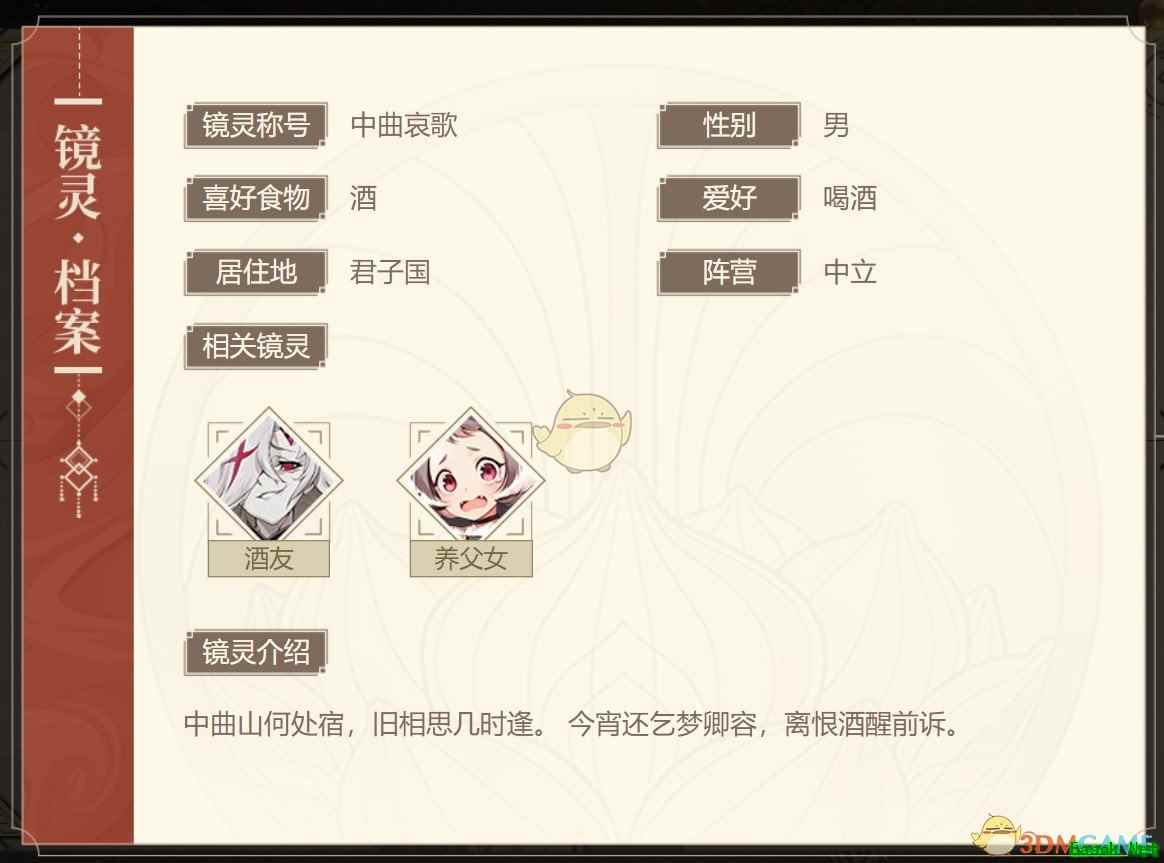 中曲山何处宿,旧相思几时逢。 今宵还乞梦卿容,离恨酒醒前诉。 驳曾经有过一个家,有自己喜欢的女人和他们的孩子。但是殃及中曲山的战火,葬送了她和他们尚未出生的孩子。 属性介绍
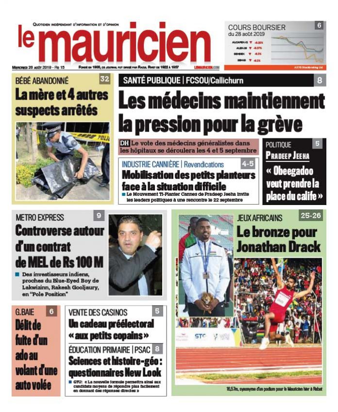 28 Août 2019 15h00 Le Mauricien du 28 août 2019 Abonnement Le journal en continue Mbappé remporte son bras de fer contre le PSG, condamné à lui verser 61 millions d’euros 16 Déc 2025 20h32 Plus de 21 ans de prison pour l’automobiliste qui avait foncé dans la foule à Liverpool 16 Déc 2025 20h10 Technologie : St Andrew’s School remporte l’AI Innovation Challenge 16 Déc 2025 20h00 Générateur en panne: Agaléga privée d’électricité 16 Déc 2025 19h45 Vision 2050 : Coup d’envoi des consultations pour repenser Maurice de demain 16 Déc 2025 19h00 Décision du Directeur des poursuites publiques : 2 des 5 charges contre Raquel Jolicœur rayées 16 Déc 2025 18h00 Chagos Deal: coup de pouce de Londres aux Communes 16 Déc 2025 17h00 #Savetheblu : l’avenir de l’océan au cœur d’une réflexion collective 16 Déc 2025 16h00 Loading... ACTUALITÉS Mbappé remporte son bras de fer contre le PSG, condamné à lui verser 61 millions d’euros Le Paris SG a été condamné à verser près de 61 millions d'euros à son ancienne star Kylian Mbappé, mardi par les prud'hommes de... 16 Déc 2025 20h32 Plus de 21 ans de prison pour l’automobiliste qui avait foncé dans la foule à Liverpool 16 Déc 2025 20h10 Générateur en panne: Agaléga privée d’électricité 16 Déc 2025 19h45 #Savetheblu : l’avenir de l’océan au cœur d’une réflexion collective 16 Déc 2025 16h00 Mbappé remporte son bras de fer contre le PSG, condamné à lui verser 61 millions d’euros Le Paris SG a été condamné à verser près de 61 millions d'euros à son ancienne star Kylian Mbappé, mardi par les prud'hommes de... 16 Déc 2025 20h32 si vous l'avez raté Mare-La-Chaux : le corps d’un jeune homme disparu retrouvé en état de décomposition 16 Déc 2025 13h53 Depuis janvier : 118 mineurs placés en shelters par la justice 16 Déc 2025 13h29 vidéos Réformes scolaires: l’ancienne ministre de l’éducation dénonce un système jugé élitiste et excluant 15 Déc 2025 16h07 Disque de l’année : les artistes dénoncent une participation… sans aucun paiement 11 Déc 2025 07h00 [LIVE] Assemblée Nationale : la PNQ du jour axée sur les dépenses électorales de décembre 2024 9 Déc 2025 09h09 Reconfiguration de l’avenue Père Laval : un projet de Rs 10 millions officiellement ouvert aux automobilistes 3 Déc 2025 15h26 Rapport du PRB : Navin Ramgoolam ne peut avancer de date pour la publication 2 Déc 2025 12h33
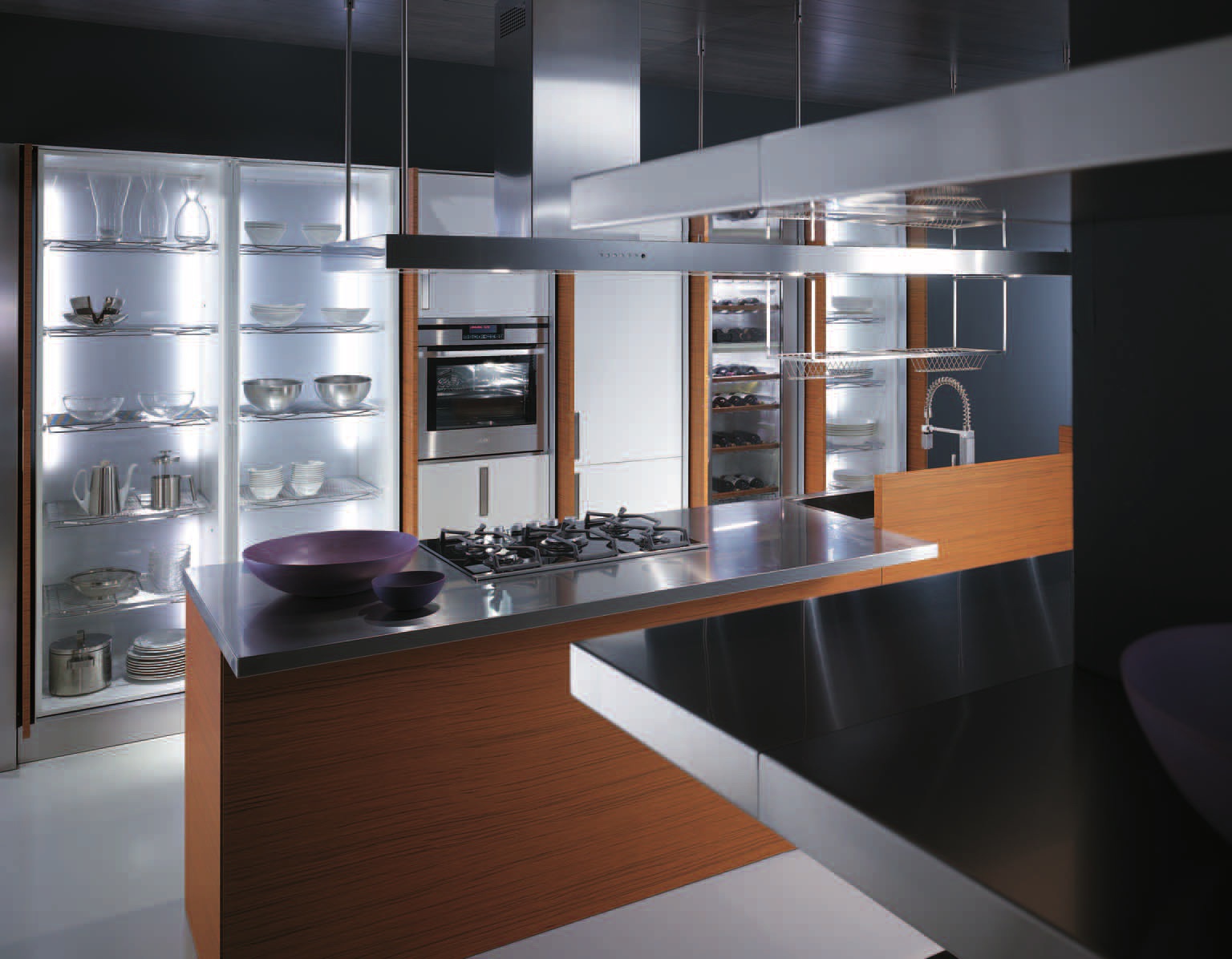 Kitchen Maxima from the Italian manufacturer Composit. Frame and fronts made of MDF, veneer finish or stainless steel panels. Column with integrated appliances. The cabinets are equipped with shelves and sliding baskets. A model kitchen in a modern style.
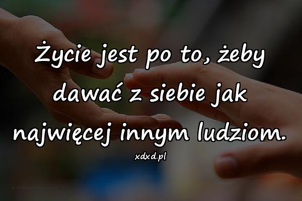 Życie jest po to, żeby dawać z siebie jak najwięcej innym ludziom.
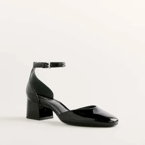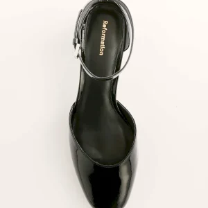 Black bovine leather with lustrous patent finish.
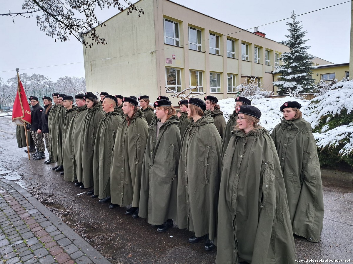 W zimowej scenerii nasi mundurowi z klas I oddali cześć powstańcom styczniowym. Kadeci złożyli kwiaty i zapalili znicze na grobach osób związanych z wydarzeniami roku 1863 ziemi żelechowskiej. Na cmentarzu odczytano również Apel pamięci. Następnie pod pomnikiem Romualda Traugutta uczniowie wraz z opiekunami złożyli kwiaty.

* * *

> [WHAT THIS TASK INVOLVES]: Write out the material above exactly. Skip the pictures.

> [RESPONSE TO THIS EXERCISE]:
 中曲山何处宿,旧相思几时逢。 今宵还乞梦卿容,离恨酒醒前诉。 驳曾经有过一个家,有自己喜欢的女人和他们的孩子。但是殃及中曲山的战火,葬送了她和他们尚未出生的孩子。 属性介绍
 28 Août 2019 15h00 Le Mauricien du 28 août 2019 Abonnement Le journal en continue Mbappé remporte son bras de fer contre le PSG, condamné à lui verser 61 millions d’euros 16 Déc 2025 20h32 Plus de 21 ans de prison pour l’automobiliste qui avait foncé dans la foule à Liverpool 16 Déc 2025 20h10 Technologie : St Andrew’s School remporte l’AI Innovation Challenge 16 Déc 2025 20h00 Générateur en panne: Agaléga privée d’électricité 16 Déc 2025 19h45 Vision 2050 : Coup d’envoi des consultations pour repenser Maurice de demain 16 Déc 2025 19h00 Décision du Directeur des poursuites publiques : 2 des 5 charges contre Raquel Jolicœur rayées 16 Déc 2025 18h00 Chagos Deal: coup de pouce de Londres aux Communes 16 Déc 2025 17h00 #Savetheblu : l’avenir de l’océan au cœur d’une réflexion collective 16 Déc 2025 16h00 Loading... ACTUALITÉS Mbappé remporte son bras de fer contre le PSG, condamné à lui verser 61 millions d’euros Le Paris SG a été condamné à verser près de 61 millions d'euros à son ancienne star Kylian Mbappé, mardi par les prud'hommes de... 16 Déc 2025 20h32 Plus de 21 ans de prison pour l’automobiliste qui avait foncé dans la foule à Liverpool 16 Déc 2025 20h10 Générateur en panne: Agaléga privée d’électricité 16 Déc 2025 19h45 #Savetheblu : l’avenir de l’océan au cœur d’une réflexion collective 16 Déc 2025 16h00 Mbappé remporte son bras de fer contre le PSG, condamné à lui verser 61 millions d’euros Le Paris SG a été condamné à verser près de 61 millions d'euros à son ancienne star Kylian Mbappé, mardi par les prud'hommes de... 16 Déc 2025 20h32 si vous l'avez raté Mare-La-Chaux : le corps d’un jeune homme disparu retrouvé en état de décomposition 16 Déc 2025 13h53 Depuis janvier : 118 mineurs placés en shelters par la justice 16 Déc 2025 13h29 vidéos Réformes scolaires: l’ancienne ministre de l’éducation dénonce un système jugé élitiste et excluant 15 Déc 2025 16h07 Disque de l’année : les artistes dénoncent une participation… sans aucun paiement 11 Déc 2025 07h00 [LIVE] Assemblée Nationale : la PNQ du jour axée sur les dépenses électorales de décembre 2024 9 Déc 2025 09h09 Reconfiguration de l’avenue Père Laval : un projet de Rs 10 millions officiellement ouvert aux automobilistes 3 Déc 2025 15h26 Rapport du PRB : Navin Ramgoolam ne peut avancer de date pour la publication 2 Déc 2025 12h33
 Kitchen Maxima from the Italian manufacturer Composit. Frame and fronts made of MDF, veneer finish or stainless steel panels. Column with integrated appliances. The cabinets are equipped with shelves and sliding baskets. A model kitchen in a modern style.
 Życie jest po to, żeby dawać z siebie jak najwięcej innym ludziom.
 Black bovine leather with lustrous patent finish.
 W zimowej scenerii nasi mundurowi z klas I oddali cześć powstańcom styczniowym. Kadeci złożyli kwiaty i zapalili znicze na grobach osób związanych z wydarzeniami roku 1863 ziemi żelechowskiej. Na cmentarzu odczytano również Apel pamięci. Następnie pod pomnikiem Romualda Traugutta uczniowie wraz z opiekunami złożyli kwiaty.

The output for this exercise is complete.